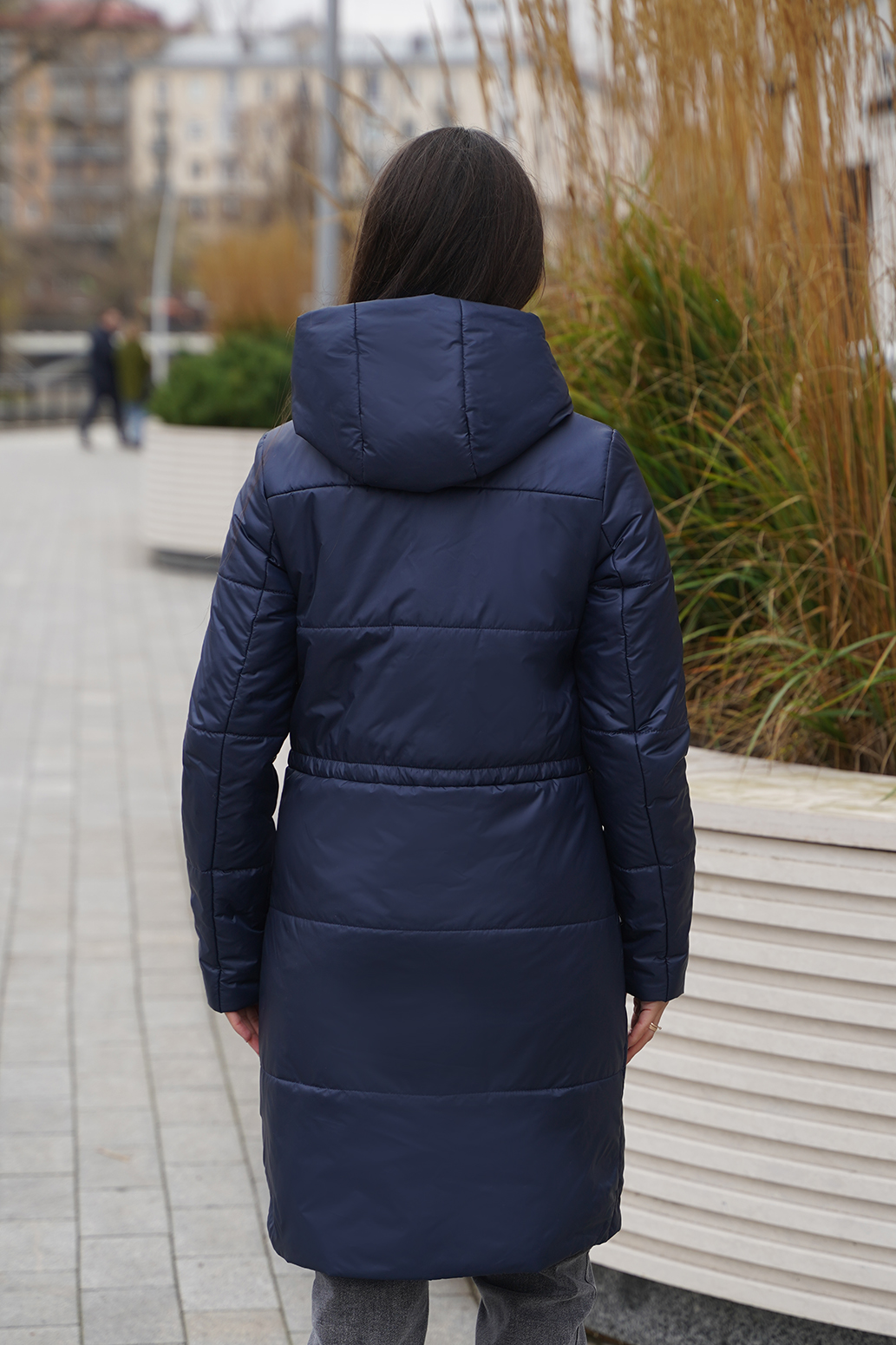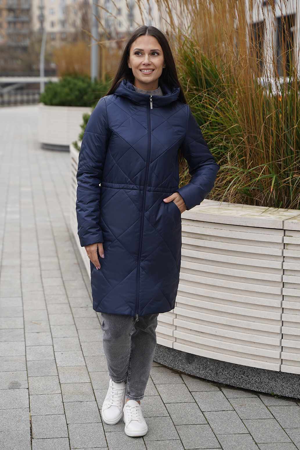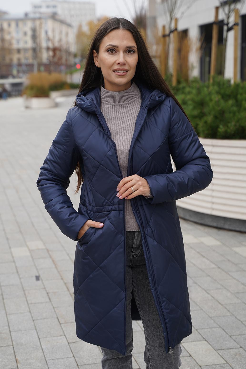 Стильное пальто прямого силуэта с застежкой на молнию и ромбовидной стежкой,рукав втачной,карманы расположены в стежке переда.Линию талии подчеркивает регулируемая кулиса.
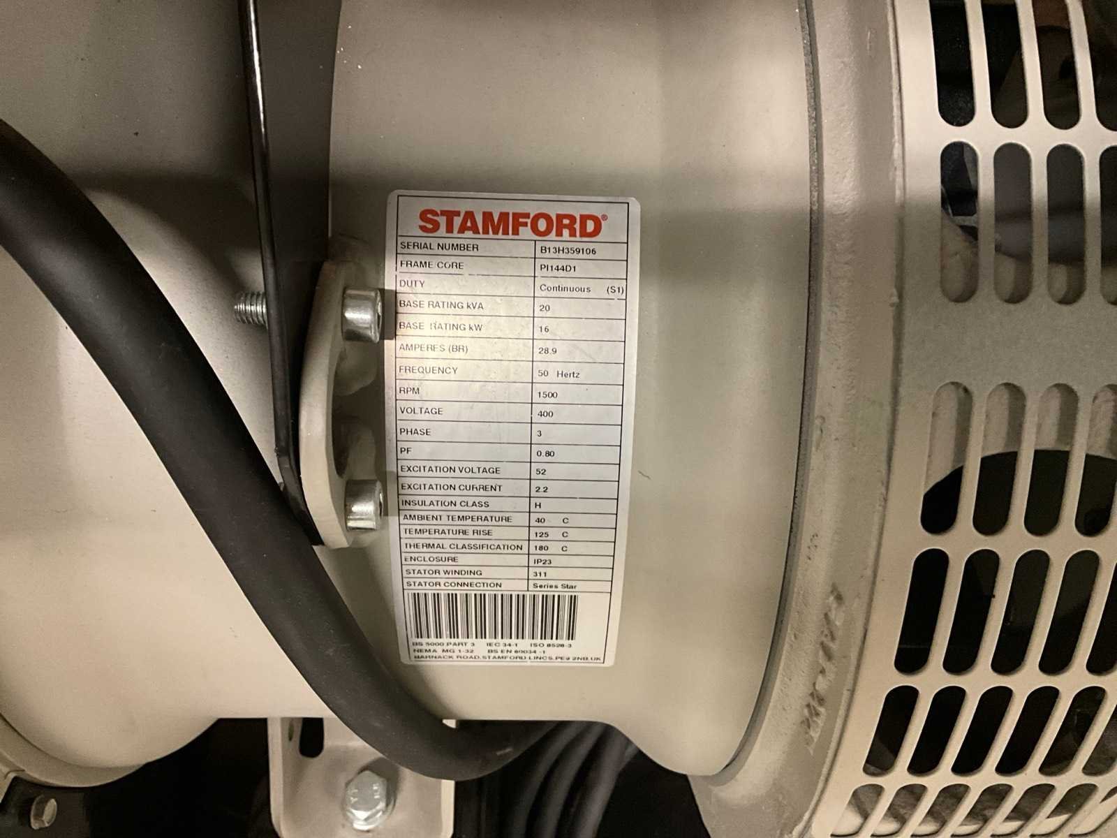 Niet compleet, Stamford 20KVA generator, 4-cilinder gas aangedreven motor, geluidswerende ombouwkast Nee Capaciteit.: 20kVA Type motor: Perkins Aantal cilinders: 4 Motorvermogen (kW): 16kW Mobiel: true Machinegewicht: 700kg
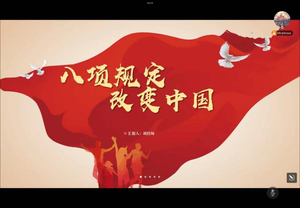 为进一步加强对支部党员、发展对象、入党积极分子和团推优分子的教育,太阳网集团tcy8722江安本科党支部于2025年6月2日晚上八点在腾讯会议线上举行八项规定学习分享和“红途轮忆,青讲党史”主题活动暨读书分享会。支部书记申鑫,支部党员、发展对象、部分入党积极分子和团组织推优成员参会。
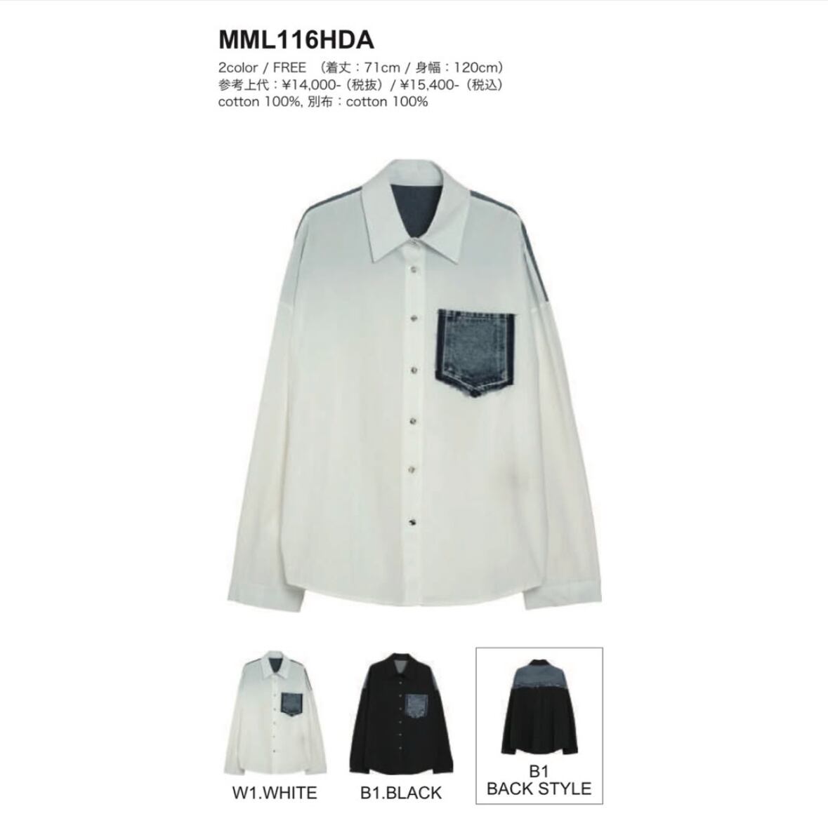予約販売【 MICALLE MICALLE 】デニムドッキングシャツ ( MML116HDA)1月下旬入荷お届け
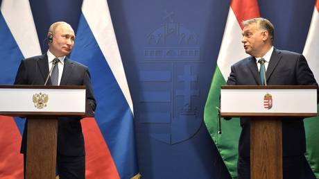 FILE PHOTO: Russian President Vladimir Putin and Hungarian Prime Minister Viktor Orban during a joint press conference in 2019.
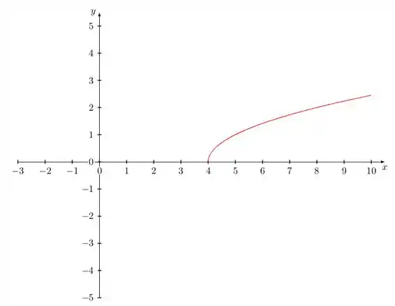 Essa é a equação de uma parábola, mas com a concavidade num sentido não convencional, ou seja, ela será para a direita. E ainda temos um “porém” aí nessa figura, porque a equação original envolve a raiz quadrada de um termo em , o que limita nosso domínio. Logo, teremos que desenhar uma “parábola deitada” que comece no ponto .

**Exercise**
Give back the material word for word, leaving out its pictures.

**Answer**
 Стильное пальто прямого силуэта с застежкой на молнию и ромбовидной стежкой,рукав втачной,карманы расположены в стежке переда.Линию талии подчеркивает регулируемая кулиса.
 Niet compleet, Stamford 20KVA generator, 4-cilinder gas aangedreven motor, geluidswerende ombouwkast Nee Capaciteit.: 20kVA Type motor: Perkins Aantal cilinders: 4 Motorvermogen (kW): 16kW Mobiel: true Machinegewicht: 700kg
 为进一步加强对支部党员、发展对象、入党积极分子和团推优分子的教育,太阳网集团tcy8722江安本科党支部于2025年6月2日晚上八点在腾讯会议线上举行八项规定学习分享和“红途轮忆,青讲党史”主题活动暨读书分享会。支部书记申鑫,支部党员、发展对象、部分入党积极分子和团组织推优成员参会。
予約販売【 MICALLE MICALLE 】デニムドッキングシャツ ( MML116HDA)1月下旬入荷お届け
 FILE PHOTO: Russian President Vladimir Putin and Hungarian Prime Minister Viktor Orban during a joint press conference in 2019.
 Essa é a equação de uma parábola, mas com a concavidade num sentido não convencional, ou seja, ela será para a direita. E ainda temos um “porém” aí nessa figura, porque a equação original envolve a raiz quadrada de um termo em , o que limita nosso domínio. Logo, teremos que desenhar uma “parábola deitada” que comece no ponto .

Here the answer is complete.